So far, studies on the impact of insecticide resistance on malaria vectors longevity have focused on four species: An. gambiae, An. arabiensis, An. coluzzii and An. funestus. Globally, the findings revealed a pleitropic effect of insecticide resistance on mosquito lifespan [33, 96,97,98,99,100,101,102,103,104,105,106,107,108] (Table 2). The majority of studies (10/14) which used laboratory strains showed that pyrethroid resistant An. funestus and An. gambiae live longer than susceptible ones [100, 106]. Of the studies including field strains, a longer life span was reported in organochlorine and pyrethroid resistant An. funestus strains [104, 105]. In contrast, a shorter life span was observed in An. gambiae strain resistant to organochlorine. It was reported that pre-exposure to insecticide in a manner micmicing field exposure to insecticides, affects the longevity of insecticide resistant An. gambiae strain [97], and that delayed mortality observed in the vectors may be dependent on resistance intensity [98]. This later observation indicates that findings obtained with laboratory colonies are to be taken with caution given that they may not reflect exactly what is oberved on the field [26]. Nevertheless, such studies remain important as they contribute to the understanding of the potential mechanisms affecting the vectors’ longevity [109, 110], notably resource-based trade-off and oxidative stress.
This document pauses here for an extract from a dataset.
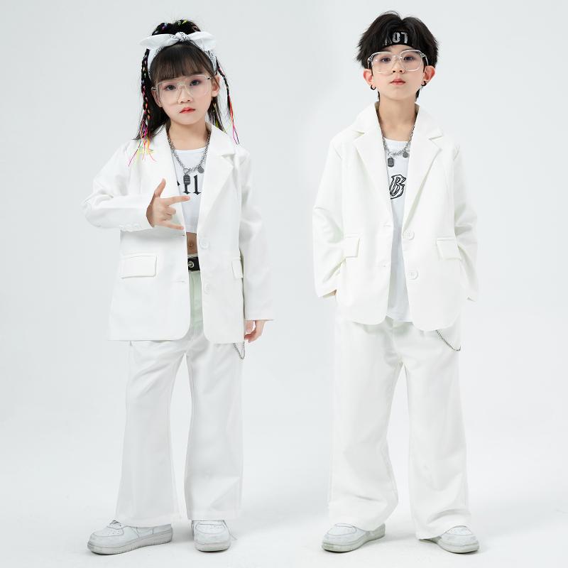 ダンス衣装 セットアップ 子供 白 ポッピン 春 祭り パフォーマンス 男の子 ヒップホップ 女の子 大きめサイズ ユニセックス 韓国 ストリート クール かっこいい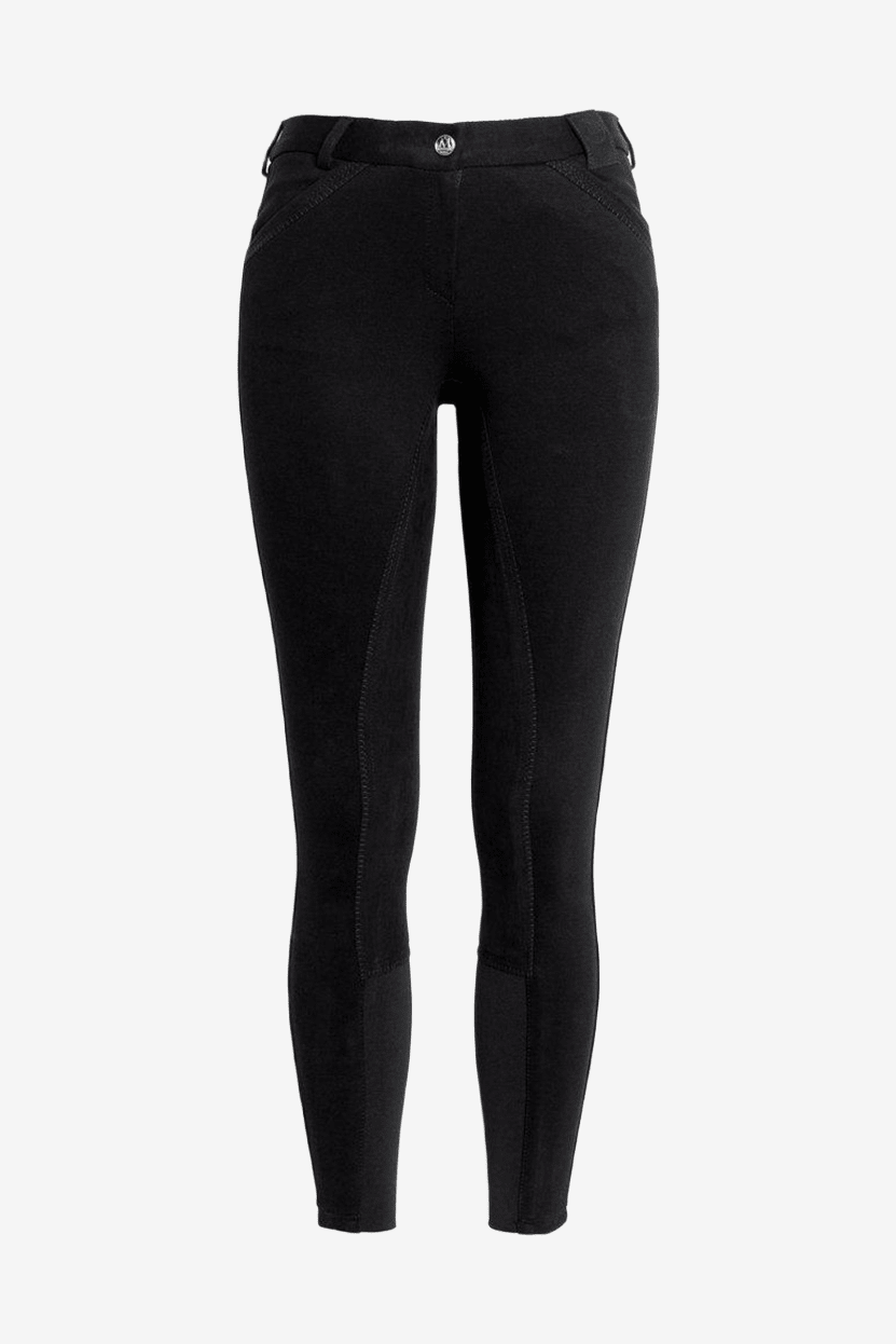 Een klassieke rijbroek in een katoenmix. Volledig zitvlak van imitatieleer.

Table 2 Summary of studies assessing the impact of insecticide resistance on the longevity of malaria vectors

Resource based trade-off is an evolutionary ecology concept that states that when environmental constraints lead to the augmentation of resources to one biological trait, other traits will have their energy budget reduced [111]. Accordingly, when mosquitoes adopt the detoxification mechanism to prevent the effect of insecticide, an increased production of detoxifying enzymes follows and is maintained by the additional resources deployed for the function. Otali et al. [100] have demonstrated that metabolism and longevity of insecticide resistant An. gambiae are lower than that of the susceptible strain. Moreover, they showed that the resistant strain has higher Reactive Oxygen Species (ROS), which are factors determining oxydative stress. In fact, the ROS are multifunctional molecules produced by cells of all organisms during normal metabolism [112, 113]. They have been pointed out as key aging factor in other organisms including Anopheles [114]. Therefore, mosquitoes that develop the capacity to cope with oxydative stress are likely to live longer. Oliver and Brooke [103] in an experiment evaluating the effect of oxidative stress on the longevity of both An. arabiensis and An. funestus bearing respectively kdr and Cytochrome P450 mechanisms demonstrated that these species live longer, and that Cytochrome P450 activity seems more protective against oxydative stress.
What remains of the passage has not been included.